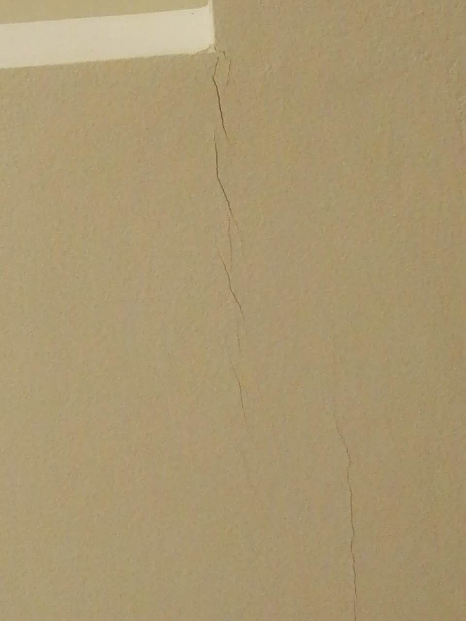 2017年5月上旬,業(yè)主發(fā)現(xiàn)不僅金螳螂公司原先修繕的部位問題并未得到徹底解決,修復的地方明顯隆起,部分修復處裂紋更加嚴重的出現(xiàn)了。與此同時,客廳、餐廳及房間墻體新出現(xiàn)大面積裂紋,裝修質(zhì)量問題進一步暴露。
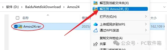 1.解压安装包:鼠标右击【Amos24】压缩包,选择电脑上安装的解压软件,点击解压到【Amos24】。
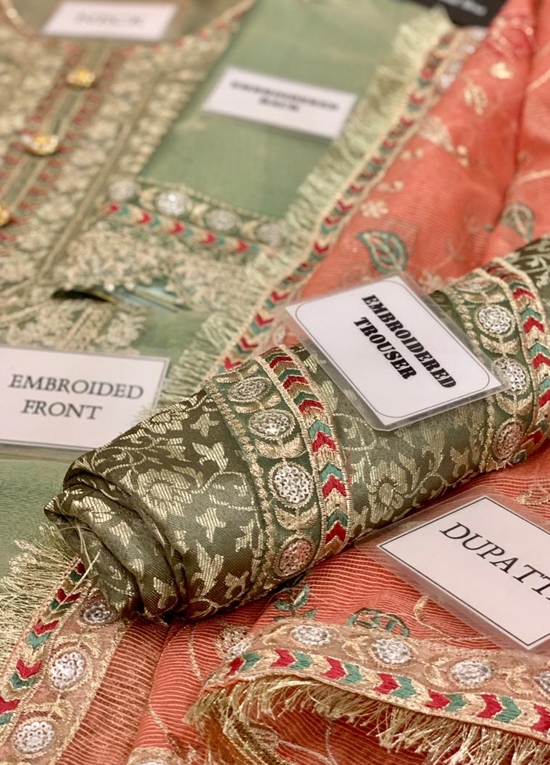 - Khaadi net fully heavy embroidered shawl dupatta with 4 side heavy embroidered spangle work lace attach with 4 side fancy lace.
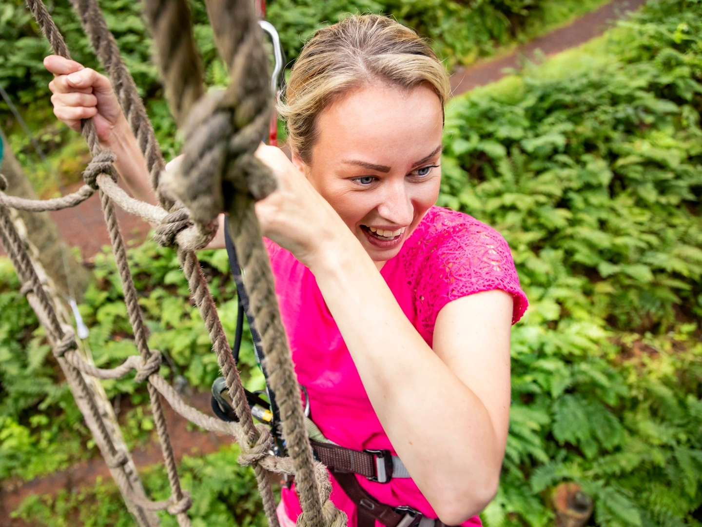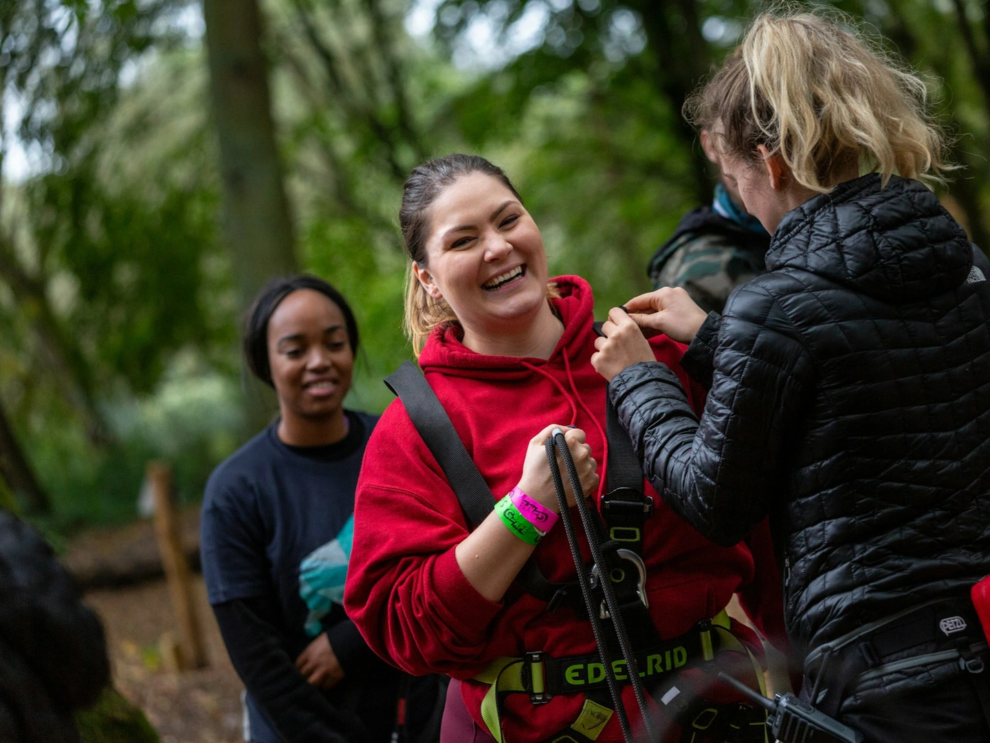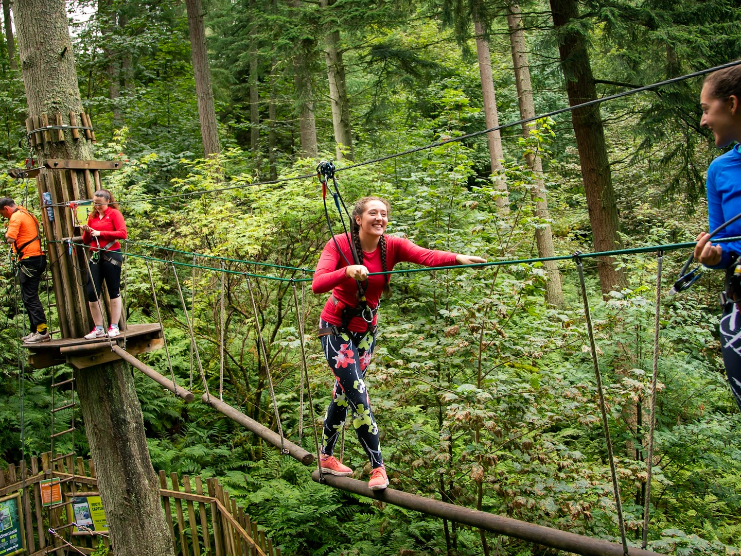 On the day, gather your tribe around fifteen minutes before your session. Make sure your risk acknowledgement is done (and yes, bathroom visits included). Dress for adventure — think comfy clothes that can handle a bit of forest flair. Costumes are welcome, but harnesses and helmets need a snug fit (#NoCapes). Closed-toe shoes are essential. After a short safety briefing from our brilliant instructors, it’s time to climb, swing, and laugh your way through the treetops.

§ §

**YOUR INSTRUCTIONS**. Wherever a picture appears in the listing above, drop it, and restate the rest exactly.

**TASK RESPONSE**.
 2017年5月上旬,業(yè)主發(fā)現(xiàn)不僅金螳螂公司原先修繕的部位問題并未得到徹底解決,修復的地方明顯隆起,部分修復處裂紋更加嚴重的出現(xiàn)了。與此同時,客廳、餐廳及房間墻體新出現(xiàn)大面積裂紋,裝修質(zhì)量問題進一步暴露。
 1.解压安装包:鼠标右击【Amos24】压缩包,选择电脑上安装的解压软件,点击解压到【Amos24】。
 - Khaadi net fully heavy embroidered shawl dupatta with 4 side heavy embroidered spangle work lace attach with 4 side fancy lace.
 On the day, gather your tribe around fifteen minutes before your session. Make sure your risk acknowledgement is done (and yes, bathroom visits included). Dress for adventure — think comfy clothes that can handle a bit of forest flair. Costumes are welcome, but harnesses and helmets need a snug fit (#NoCapes). Closed-toe shoes are essential. After a short safety briefing from our brilliant instructors, it’s time to climb, swing, and laugh your way through the treetops.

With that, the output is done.